— С-се-ерьезней, товарищи, серьезней надо жить, готовить себя к защите от врагов не только внешних, но и внутренних, серьезней надо относиться к обязанностям двоим, а обязанность у нас одна: служить Родине, победить врага… Так-то, мои дорогие… Ну, этот… — мотнул он головой в сторону подсудимого. — Этот… — Анисим Анисимович небрежно махнул рукой и задом упятился к стулу, утомленно водрузился на него.
Речь председателя трибунала возымела именно то действие, на которое он и рассчитывал, — публика была усовещена, подавлена, особенный упор на «алтарь» и на «мы» произвел впечатление, выходило — и он, большой человек, и все маленькие люди, сидящие в зале, объединились одной виной, одной ответственностью перед великой бедой и Родиной, они, выходит, единомышленники, братья, а этот…
«Этот» так ничего и не осознал, никакого братства между собой и председателем трибунала не почувствовал, его не раз еще унимали, предупреждали, усовещивали. Анисим Анисимович уже давно понял, что никакого воспитательного значения суд, как задумывалось умными головами в штабе Сибирского военного округа, иметь не будет, даже наоборот, все разгильдяи в полку приободрятся, разложение будет еще большее, но это уже не его, председателя трибунала, дело. Его забота поскорее и с честью, хоть и поруганной, вынести справедливый приговор, наказать по заслугам более чем дерзкого блатняка, ранее судимого и уже отсидевшего срок, в документах указано — в чем Анисим Анисимович позволил себе усомниться, наметанным глазом отмечая, — нет, не один раз и даже не два бывал за решеткой сей архаровец, возможно, и фамилия Зеленцов не его фамилия, года указаны неправильно, все у него неправильно, надо было следственное дело на доследование вернуть, покопаться в биографии молодого человека, да дел-то, дел невпроворот, хоть по двадцать часов в сутки работай. Молоднячок-то не очень покладистый оказался и так ли развернулся, так ли себя показал! На фронте тоже борьба не ослабевает, садят, садят, садят, стреляют, стреляют, стреляют, но кто же воевать-то будет? Так ведь можно и без кадров остаться. На фронт побыстрее, на фронт, в дело, в мясорубку — там из этого человеческого фарша пельмень, котлета, из кого и боец получится.
Здесь же…
— Именем Советской Социалистической Федеративной Республики…

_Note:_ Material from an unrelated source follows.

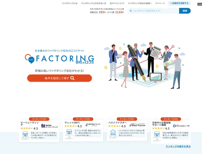 ファクタリングに関する情報格差を取り払い、フェアな取引を実現し、業界全体の活性化を図るため、「ファクタリング会社が伝えたい情報」と「サービスを利用した事業者が感じた情報」の両方が存在するリアルな声を反映した「ファクタリング会社の口コミ」サイトを運営しています。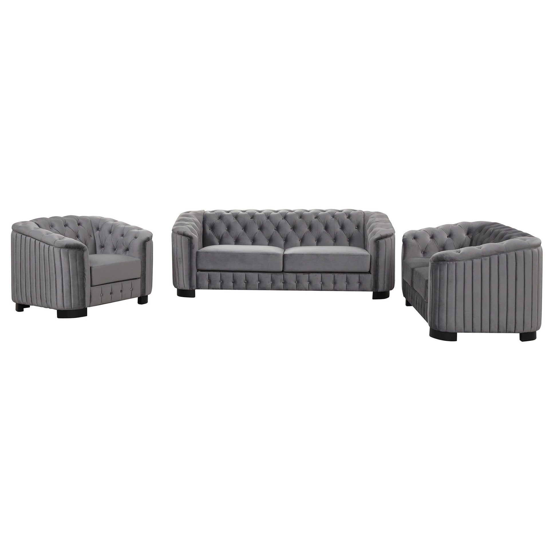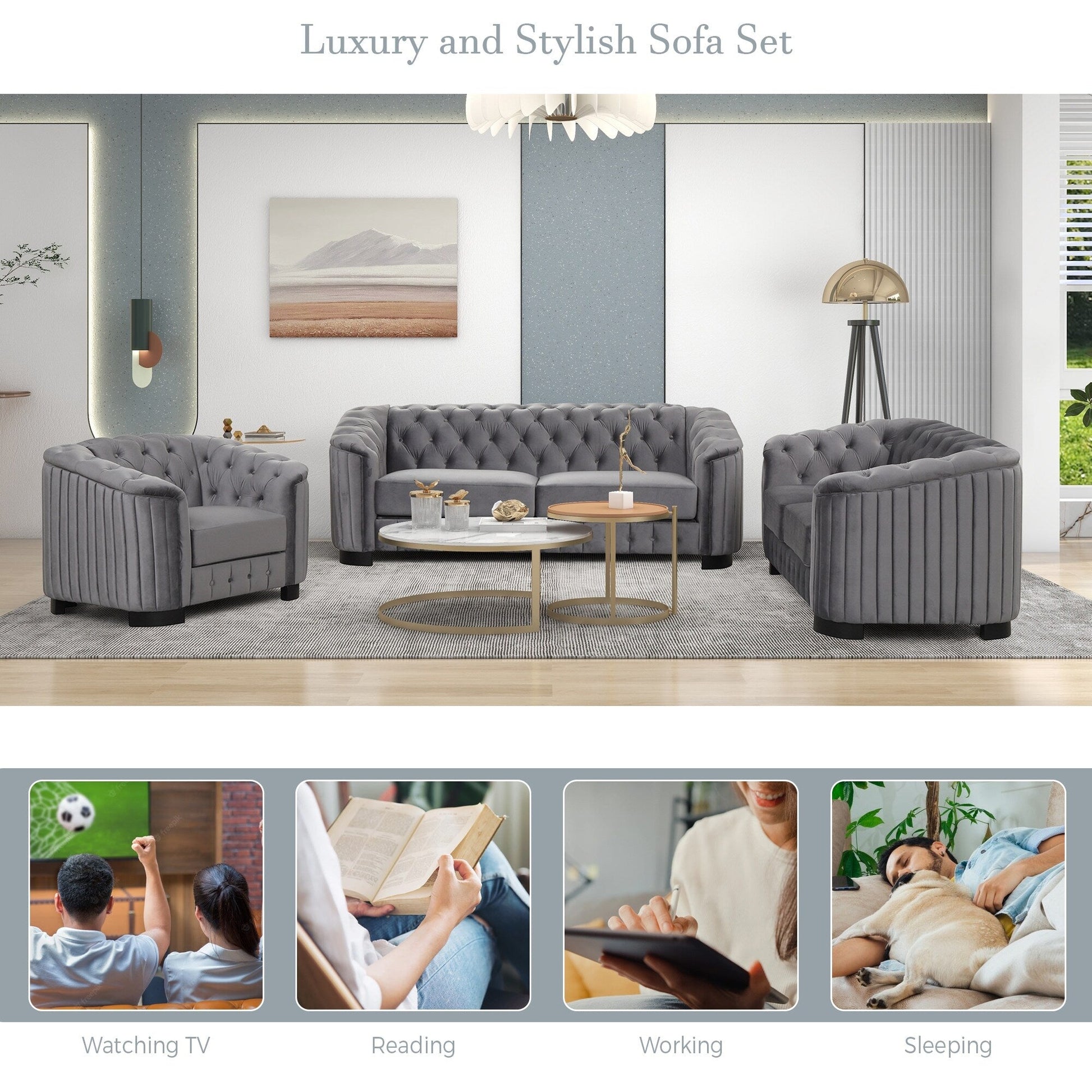 Set di divani moderni in velluto a 3 pezzi Roomfitters con gambe in legno di caucciù, include divano a tre posti, divanetto e poltrona per soggiorno

Стоят — все одинаково серые, с плоскими головами, как бы посыпанные цинковой пылью, смотрят исподлобья, старые, обсопливленные шлемы с тряпичными звездами в руках затиснуты — какая тупая монолитная сила! Какое молчаливое, но остервенелое неприятие всего, что с ними и вокруг них происходит! Это же сколько с ней, с контрой, боролись, расправлялись, увещевали, гоняли, гноили, а она все еще есть, стоит вон, смотрит, дышит — согнуть, заломать, лишить всякой воли, всякой надежды на сопротивление любыми способами, всеми доступными средствами.
— Именем Советской Социалистической…
Блатарь удалой презрительно лыбится. Складки у рта, ранние морщины на лице, в них осела мгла, может, и пыль от дальних дорог и этапов прикипела, не отмывается, — бунтарь-одиночка, разгильдяй, враг! С врагами же в стране Советов еще не разучились управляться, с врагами один у нас разговор:
— К высшей мере…
— A-ax! — волна по залу. Ударилось стоном, эхом в стену, в дверь, в потолок и снова обрушилось на стриженые головы служивых, стиснуло сердце, сделавшееся единым в сочувствии к своему собрату.
«А вы что же думали?! — торжестовал в себе Анисим Анисимович, уже не пытливым, не упрекающим, а открытой ненавистью отяжеленным взглядом окидывая зал. — Ваша взяла? За вами сила и правда? Да пока я жив…»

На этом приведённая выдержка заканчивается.